Firebug is an Apple II maze video game written by Silas Warner and published by Muse Software in 1982. The game was released on cassette tape and on floppy disk. Warner previously created Castle Wolfenstein for the Apple II in 1981. As a pyromaniac, the player carries and ignites cans of gasoline in an attempt to burn as much of the level as possible.
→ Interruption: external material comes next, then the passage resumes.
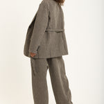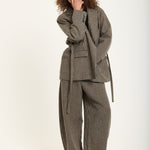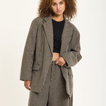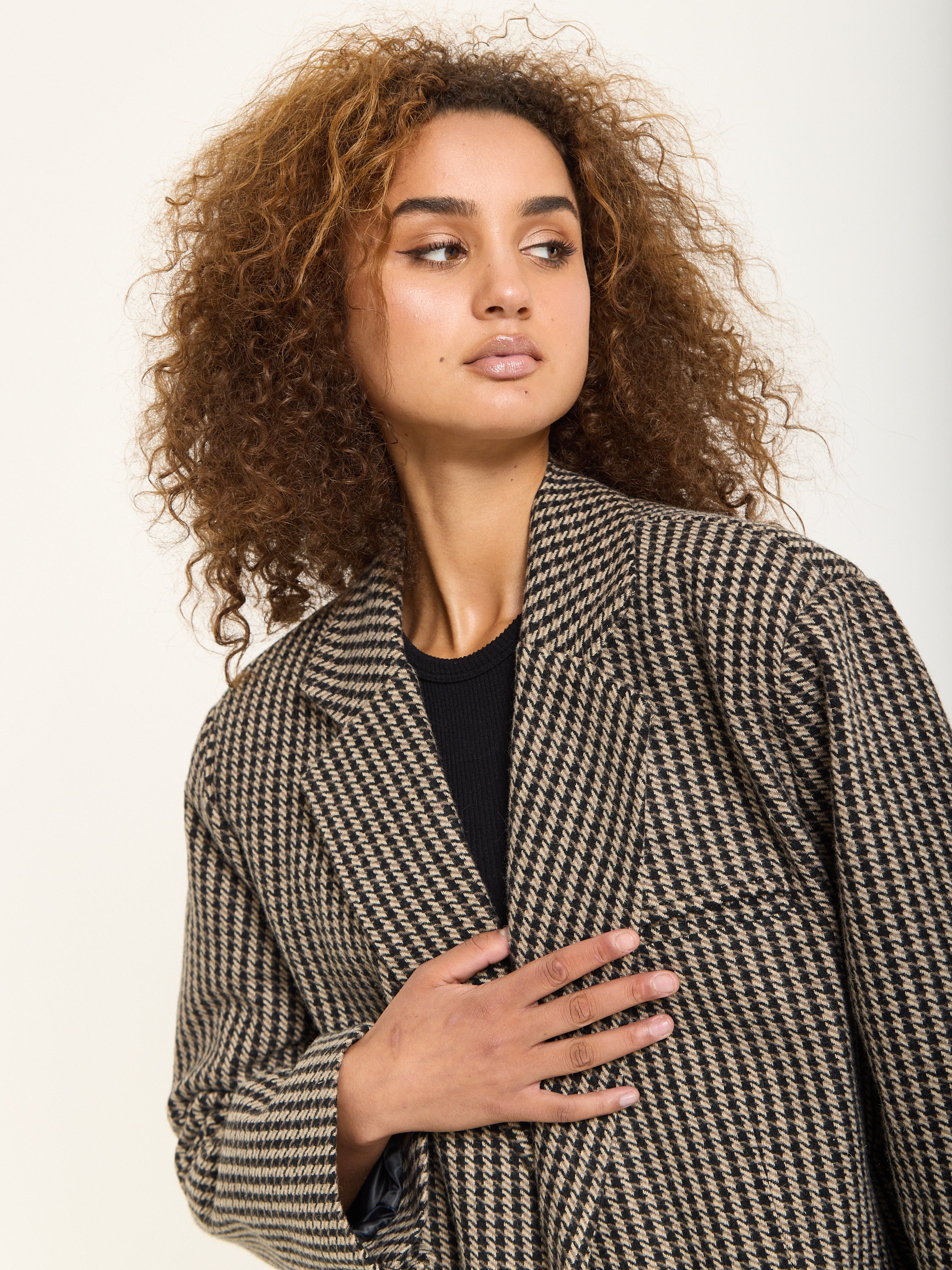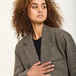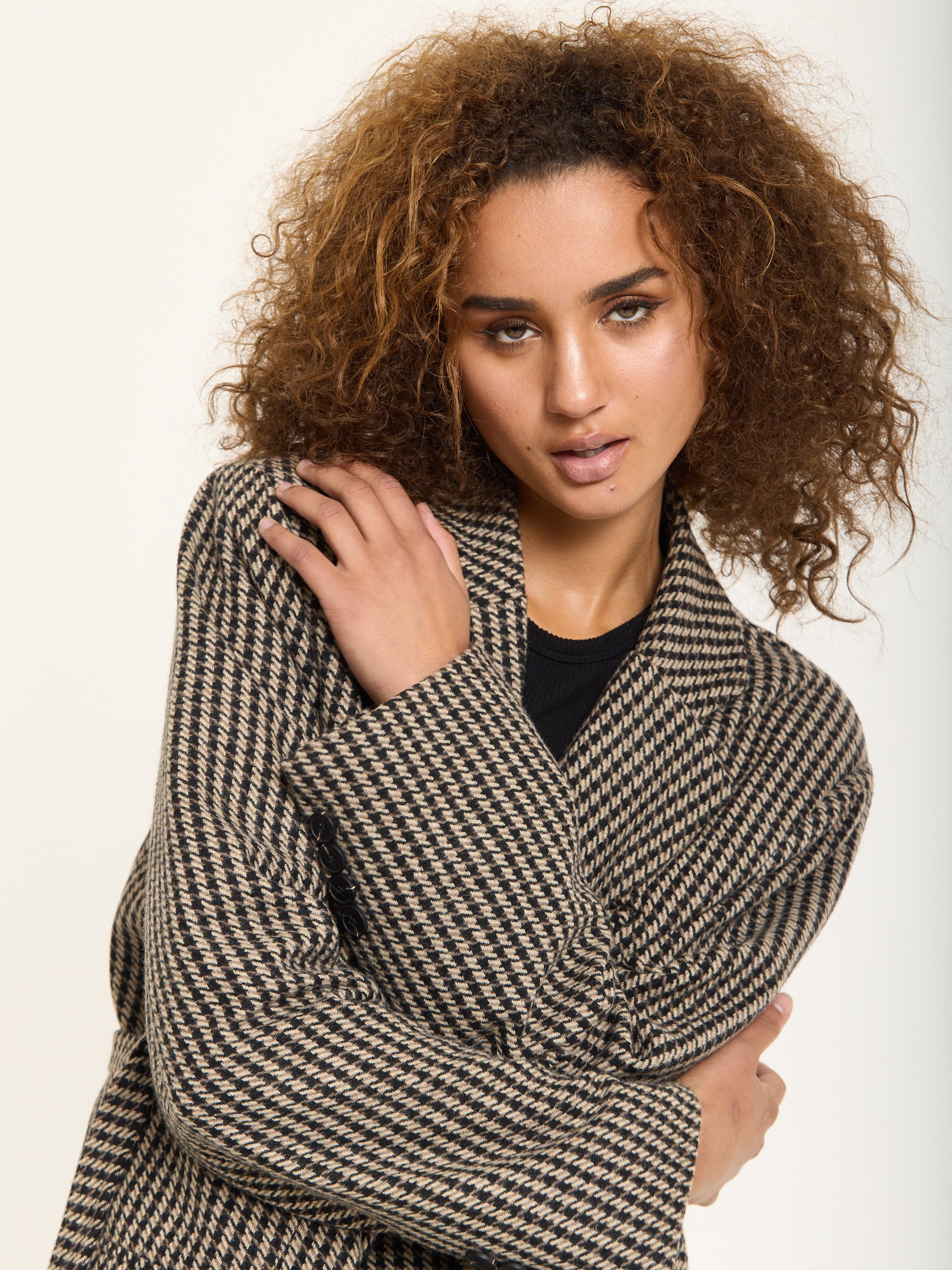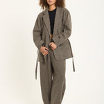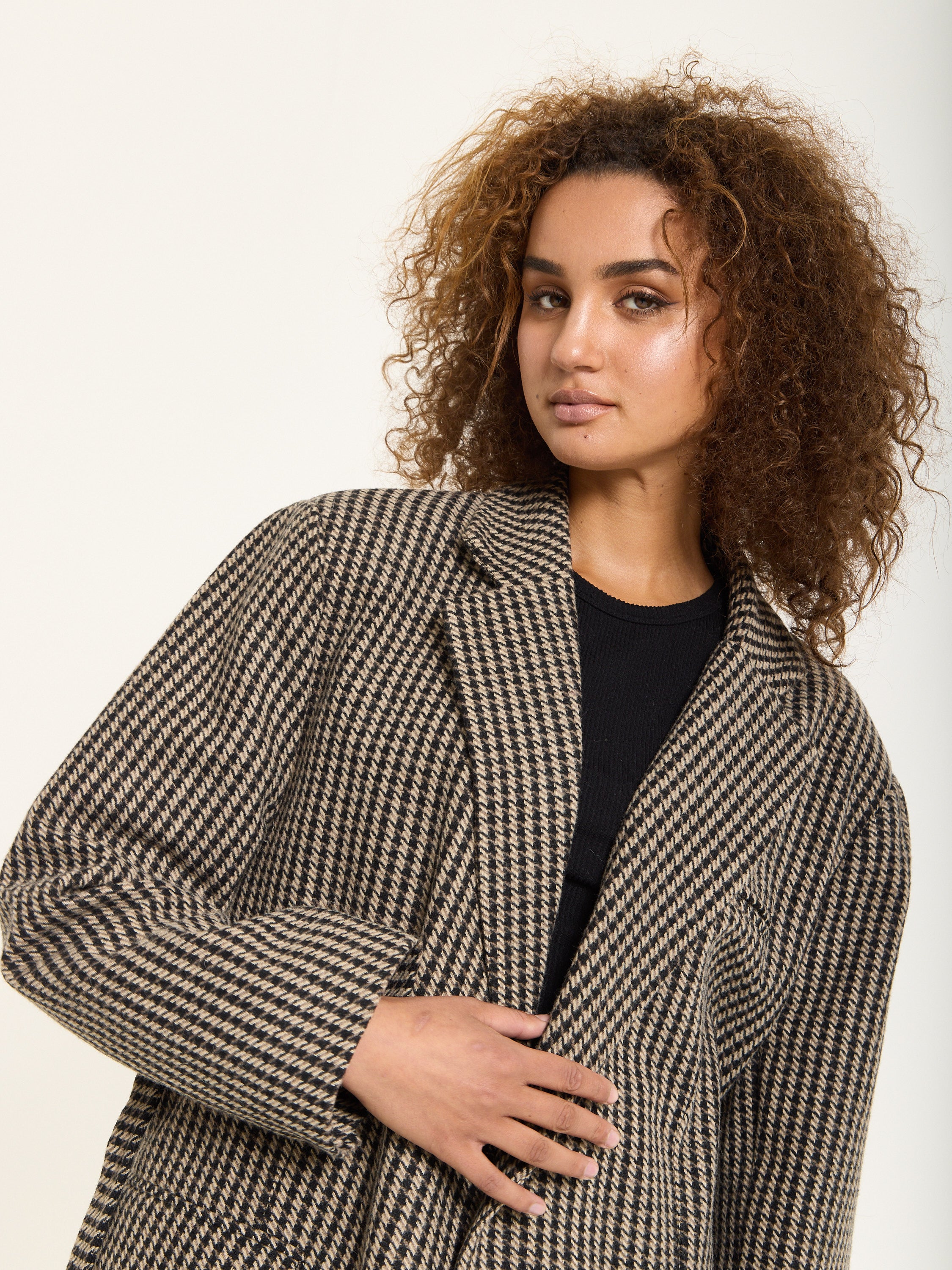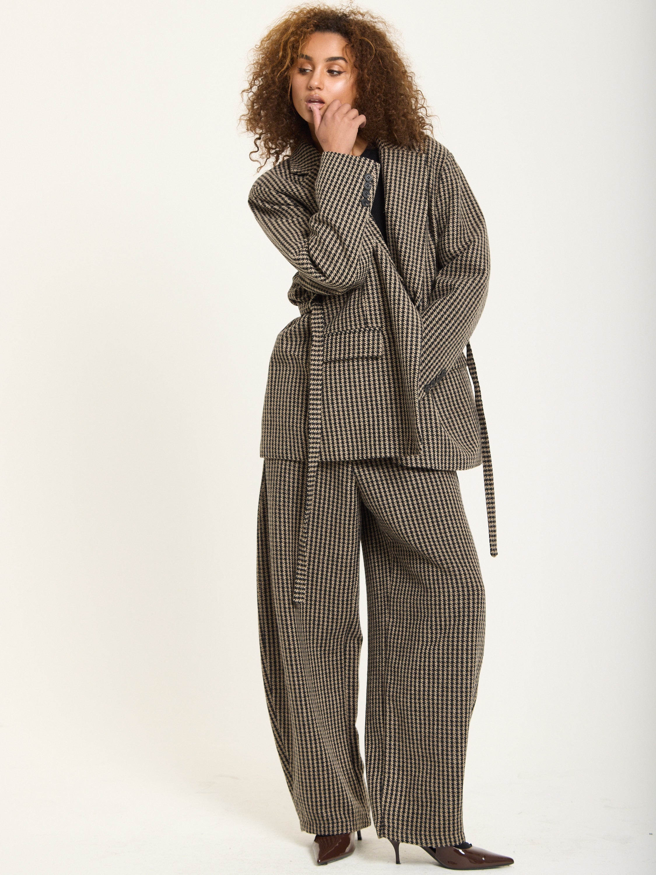 Tailored in a classic beige and black houndstooth pattern, this oversized blazer brings a bold twist to timeless tailoring. Crafted from a soft wool-blend fabric, it features a relaxed silhouette with sharp lapels, front flap pockets, and a detachable belt for added definition. Style it with the matching trousers for a statement co-ord look or wear it over denim for effortless everyday chic.

Firebug uses the Apple II's lo-res graphics mode, which displays 16 colors but has a resolution of only 40 wide by 48 high. The game looks more colorful than hi-res Apple games, but the low resolution gives a crude appearance, even by the standards at the time of release. The game was originally released as Firefly.

==Gameplay==

The player controls a "firebug," a 3-by-3-pixel square with a tail stretching behind it. The player picks up gas cans—each represented by a single pixel—and drops a can by pressing the joystick button. The end of the player's tail glows white, and ignites any gas can that it is adjacent to, including cans the player had dropped. Once a gas can ignites, it burst into colorful flames, which ignites any walls they touch.

The goal is to burn down the highest possible percentage of the walls on the level, and escape down the stairs to the next level without touching any flames with the body of the firebug. Tail collisions with fire are expected and ignored. As the game progresses, each level features tighter mazes of walls, increasing the penalty for player mistakes; and the player's tail is shortened, causing player-dropped gas cans to explode sooner.

==Reception==
Johnny L. Wilson reviewed the game for Computer Gaming World, and stated that "Firebug seems to have the ingredients necessary for a successful arcade game: interesting graphics, sufficient challenge, moderate strategy, and ample flexibility. Indeed, "ash" far "ash" this reviewer is able to "ash-certain," this game is an "ash-set" to an "ash-tute" arcade lovers "ash-sortment" of games. Unab-ash-edly."

In Microcomputing, Jim Hansen wrote "Neither I nor my kid-game testers found Firebug a game worth playing more than once or twice at most."

In 1982, the city council of Kentwood, Michigan asked dealers not to sell the game because they felt it encouraged arson.